[citation][nom]face-plants[/nom]The only thing I know of that may bring the speed limit of 'c' into question is a recent experiment at an Italian particle accelerator where they appear to have had neutrinos reach a detector several miles away faster than the speed of light. It has not yet been explained in detail or repeated reliably but I'm curious to find out what the story is.[/citation]
They solved that months ago. It was a loose fiber optic cable delaying a measurement, the neutrinos did not exceed the speed of light.
[citation][nom]Old_Fogie_Late_Bloomer[/nom]1) No, because light doesn't travel at c in the atmosphere.[/citation]
Don't be pedantic. Transpose the metaphor into space and the problem re-appears.
2) Seriously, we're talking about a potential speedup of 0.000009%. How would you be able to tell the difference?
The measurement of a speed is totally irrelevant. It is either possible or not possible to exceed the speed of light. The universe doesn't give a shit about the stupid "if a tree falls in the woods" thought experiment. Things happen, whether or not people are around or know about it doesn't matter one iota.
3) Can you, in fact, articulate why light does not add the velocity of its source to its own natural velocity?
Sure thing.
An object moving at relativistic speeds (greater than around 10% of the speed of light, there's no hard cutoff where normal physics stop applying strictly) has an energy equal to its relativistic gamma multiplied by its mass multiplied by the speed of light squared. You'd recognize the bulk of this equation, e=mc^2, though it has an additional factor of y.
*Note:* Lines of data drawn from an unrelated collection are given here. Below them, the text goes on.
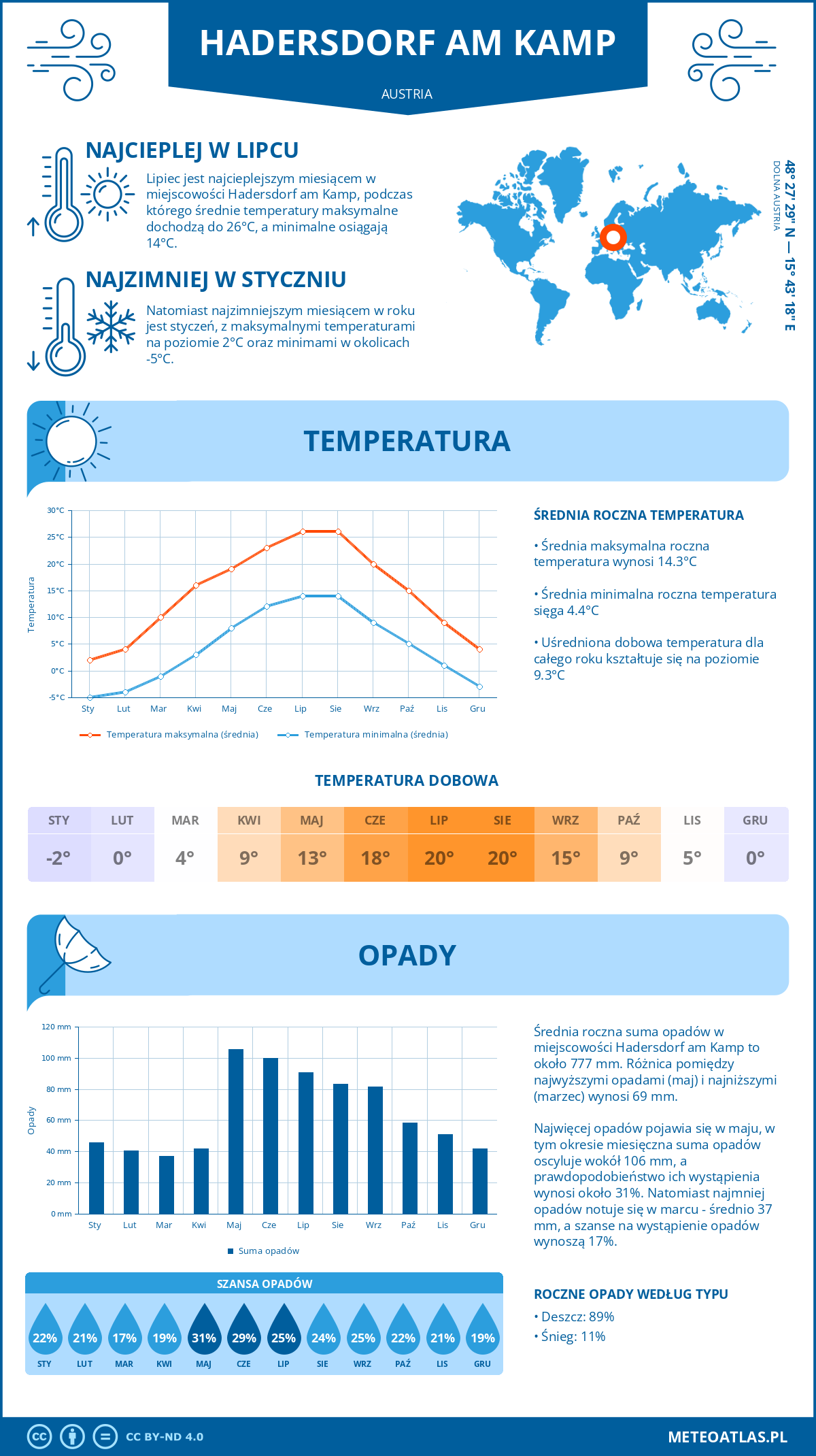 Hadersdorf am Kamp (Austria) - pogoda i klimat: roczne średnie temperatury i opady
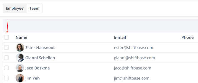 With a Bulk action, it is possible to Send a message to multiple employees at once.
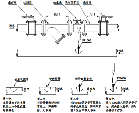 - 顯示功能:顯示累積流量、累積熱量、累積冷量、瞬時流速、進回水溫度、溫差、上電時間、報警時間、運行時間等;
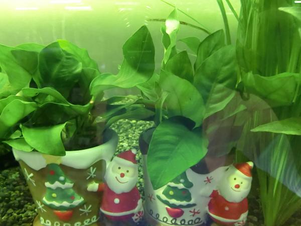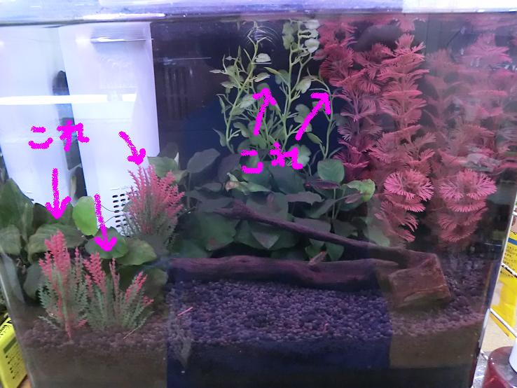 実はこちら、本物の水草と人工水草を半々にしているのです。
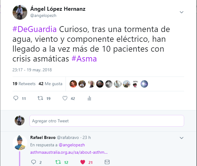 "La principal hipótesis para explicarlo afirma que las tormentas eléctricas pueden acumular cerca del suelo un gran número de las partículas de polen que se encuentran en la atmósfera, y que éstas, al romperse por choque osmótico, liberarían muchas partículas alergénicas de tamaño respirable. Por eso, durante los primeros 20 a 30 minutos de una tormenta eléctrica, las personas que padecen alergia al polen pueden inhalar una cantidad elevada de material alergénico, que les condicionaría reacciones asmáticas, a menudo graves. Incluso se ha constatado que personas sin asma, pero que padecen rinitis por sensibilización a polen, también pueden sufrir un ataque de asma en estas circunstancias.""Un mensaje clave es que todos los sujetos afectados por la alergia al polen deben ser alertados sobre el peligro de estar al aire libre durante una tormenta eléctrica en la temporada de polen, como tales, estos eventos pueden ser una causa importante de exacerbaciones severas de asma. A la luz de estas observaciones, es útil para predecir tormentas eléctricas y así minimizar los eventos relacionados con tormentas eléctricas. Los pacientes con alergia respiratoria inducida por pólenes y mohos necesitan ser informados sobre un enfoque terapéutico correcto del asma bronquial por inhalación, incluido el uso de broncodilatadores y corticosteroides inhalados.""Pero no todas las tormentas eléctricas en las estaciones de polen causan asma con estas características. Las que lo provocan se conoce como tormenta eléctrica con eventos de asma epidémica. Siguen a un tipo particular de tormenta que expone a un gran número de personas a altas concentraciones de pequeñas partículas de alérgenos de granos de polen reventados, en un corto período de tiempo. Siempre que sea posible, los pacientes deben evitar los alérgenos potenciales que flotan en los vientos de la tormenta que se aproxima, y deben permanecer dentro de su casa con las puertas y ventanas cerradas hasta que haya pasado la tormenta." Médico Rural
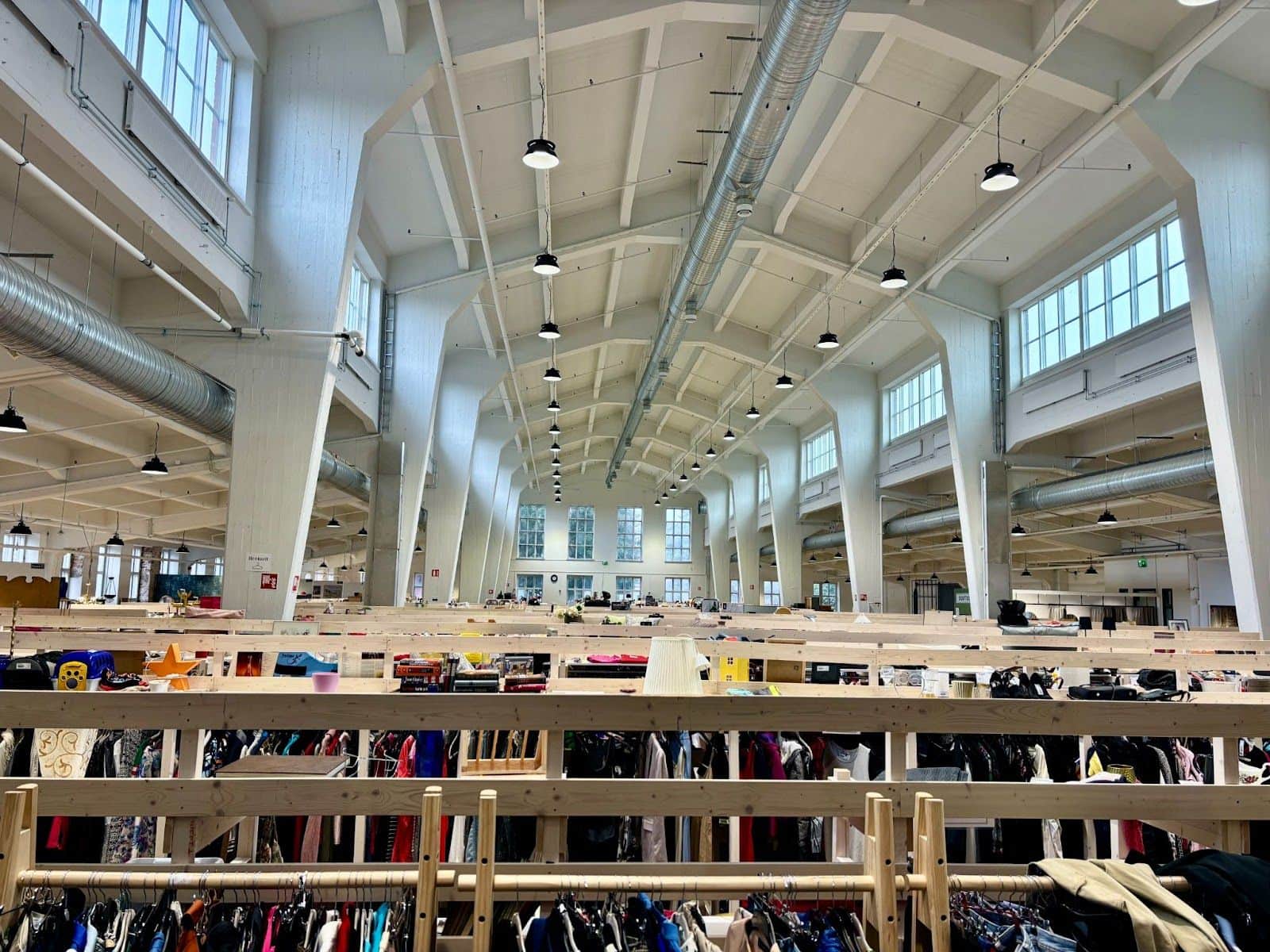 C’est en 2023 que Tero et Heidi Airaksinen, propriétaires de plusieurs kirppis* en Finlande, ont vu l’opportunité de redonner vie à ce bâtiment historique. Un travail remarquable qui a nécessité un gros investissement. Tout a été modernisé : le système de chauffage, ventilation et climatisation a été entièrement remis à neuf, et des espaces de détente ainsi que des sanitaires ont été créés . La salle de tissage, avec son plafond impressionnant de 12 mètres, a été repeinte pour accentuer l’espace, tandis que la lumière naturelle des grandes baies vitrées inonde désormais les lieux, offrant une atmosphère chaleureuse et apaisante.

Y, the relativistic gamma, is equal to (1 - v^2/c^2)^-0.5.
If you're competent at high school algebra, you'll notice that as v, your velocity, approaches the speed of light, the gamma approaches infinity. Once it reaches the speed of light, the gamma becomes infinity. This means that moving at the speed of light requires infinite energy.
Let me know when you find a source of infinite energy. Even expending the entire universe's energy a trillion trillion trillion times a second for a googolplex of years won't get you to, or past, the speed of light, because while that's a lot of energy, it's still not infinite.